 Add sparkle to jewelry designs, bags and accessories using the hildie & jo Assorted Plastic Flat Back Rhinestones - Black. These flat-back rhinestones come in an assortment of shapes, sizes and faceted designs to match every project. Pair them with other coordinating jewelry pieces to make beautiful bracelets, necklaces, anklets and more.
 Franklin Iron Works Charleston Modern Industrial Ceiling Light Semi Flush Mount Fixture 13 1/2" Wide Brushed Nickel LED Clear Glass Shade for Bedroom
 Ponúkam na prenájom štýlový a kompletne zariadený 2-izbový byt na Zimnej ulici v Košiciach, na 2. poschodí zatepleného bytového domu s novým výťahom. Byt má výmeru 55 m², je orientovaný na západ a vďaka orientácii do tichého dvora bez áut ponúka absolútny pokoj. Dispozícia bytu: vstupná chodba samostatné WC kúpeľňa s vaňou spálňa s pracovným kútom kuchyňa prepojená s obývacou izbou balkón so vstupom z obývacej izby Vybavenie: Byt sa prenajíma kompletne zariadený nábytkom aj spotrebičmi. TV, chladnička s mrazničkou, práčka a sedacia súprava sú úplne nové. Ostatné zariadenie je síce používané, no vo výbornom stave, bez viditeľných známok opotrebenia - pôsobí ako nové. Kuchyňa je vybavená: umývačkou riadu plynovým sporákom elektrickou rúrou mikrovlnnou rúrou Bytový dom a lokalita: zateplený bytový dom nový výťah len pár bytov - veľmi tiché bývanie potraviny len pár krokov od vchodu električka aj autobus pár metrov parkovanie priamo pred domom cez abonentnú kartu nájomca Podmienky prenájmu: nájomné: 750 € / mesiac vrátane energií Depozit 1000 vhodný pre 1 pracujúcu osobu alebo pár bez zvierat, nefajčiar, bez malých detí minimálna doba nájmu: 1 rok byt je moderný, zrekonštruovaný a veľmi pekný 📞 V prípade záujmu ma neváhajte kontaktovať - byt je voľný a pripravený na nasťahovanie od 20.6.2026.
■ ■ ■ ■
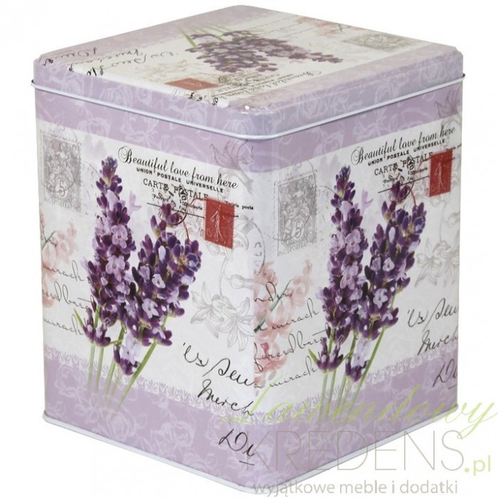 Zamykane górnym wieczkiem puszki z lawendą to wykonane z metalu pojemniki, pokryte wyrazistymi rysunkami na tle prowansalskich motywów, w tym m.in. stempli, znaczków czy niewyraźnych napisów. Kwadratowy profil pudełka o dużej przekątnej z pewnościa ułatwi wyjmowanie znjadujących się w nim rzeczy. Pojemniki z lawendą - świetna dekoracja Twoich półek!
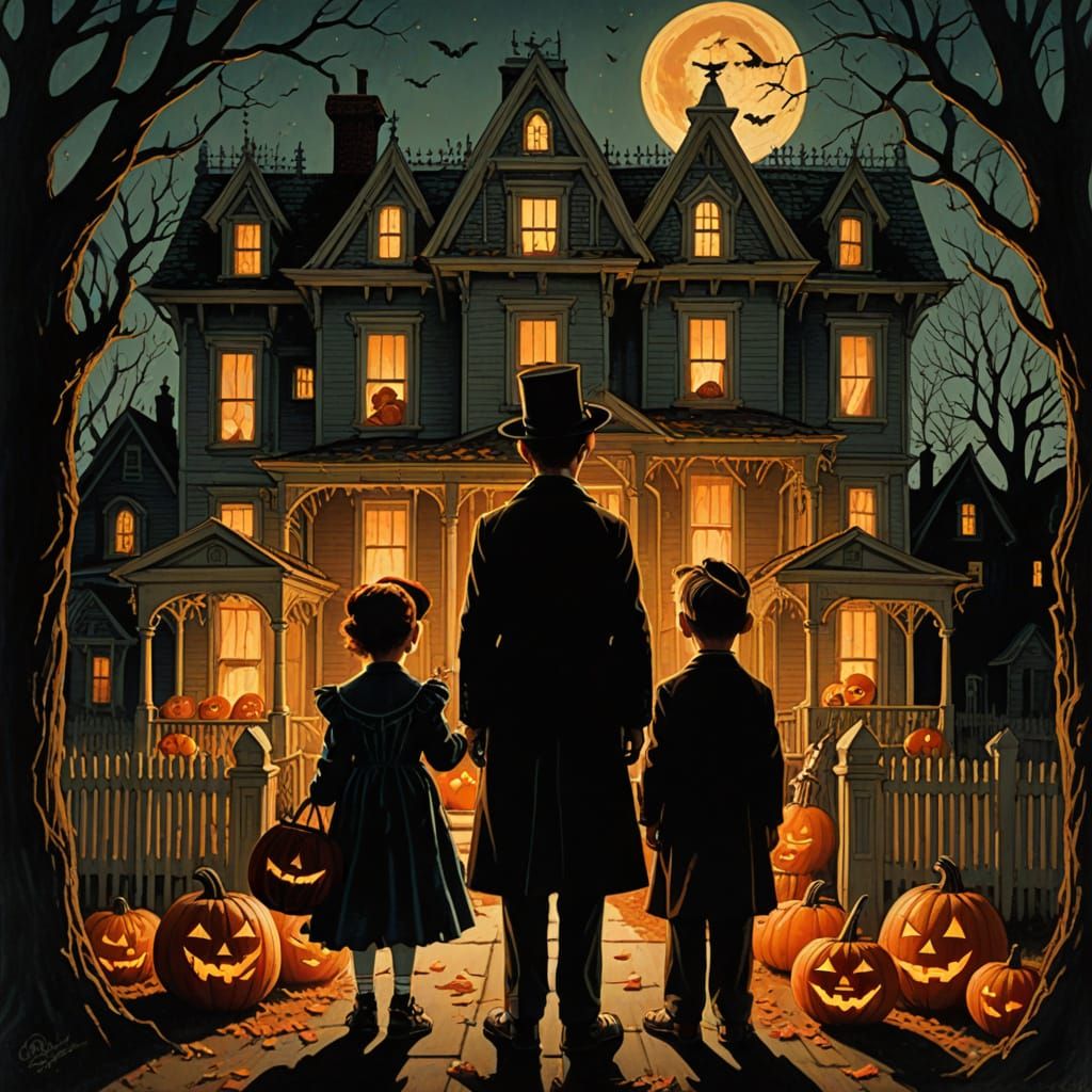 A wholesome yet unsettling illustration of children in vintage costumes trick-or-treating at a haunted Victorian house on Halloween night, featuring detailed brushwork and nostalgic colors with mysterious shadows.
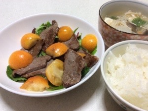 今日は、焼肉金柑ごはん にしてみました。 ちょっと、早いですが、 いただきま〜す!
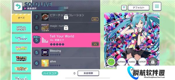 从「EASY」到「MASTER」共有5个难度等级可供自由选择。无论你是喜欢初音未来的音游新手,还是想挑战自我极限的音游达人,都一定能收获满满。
■ ■ ■ ■
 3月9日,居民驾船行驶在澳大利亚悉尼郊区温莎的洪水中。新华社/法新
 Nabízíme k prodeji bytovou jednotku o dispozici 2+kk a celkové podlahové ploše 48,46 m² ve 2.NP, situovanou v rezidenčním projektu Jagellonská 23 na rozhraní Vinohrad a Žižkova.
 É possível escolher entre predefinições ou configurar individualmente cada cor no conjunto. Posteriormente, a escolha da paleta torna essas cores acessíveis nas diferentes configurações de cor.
■ ■ ■ ■
▸ **About this exercise**:
Print exactly the lines above from the one with "3月9日,居民驾船行驶在澳大利亚悉尼郊区温莎的洪水中。新华社/法新" to the one with "Nabízíme k prodeji", including both.

▸ **Output**:
 3月9日,居民驾船行驶在澳大利亚悉尼郊区温莎的洪水中。新华社/法新
 Nabízíme k prodeji bytovou jednotku o dispozici 2+kk a celkové podlahové ploše 48,46 m² ve 2.NP, situovanou v rezidenčním projektu Jagellonská 23 na rozhraní Vinohrad a Žižkova.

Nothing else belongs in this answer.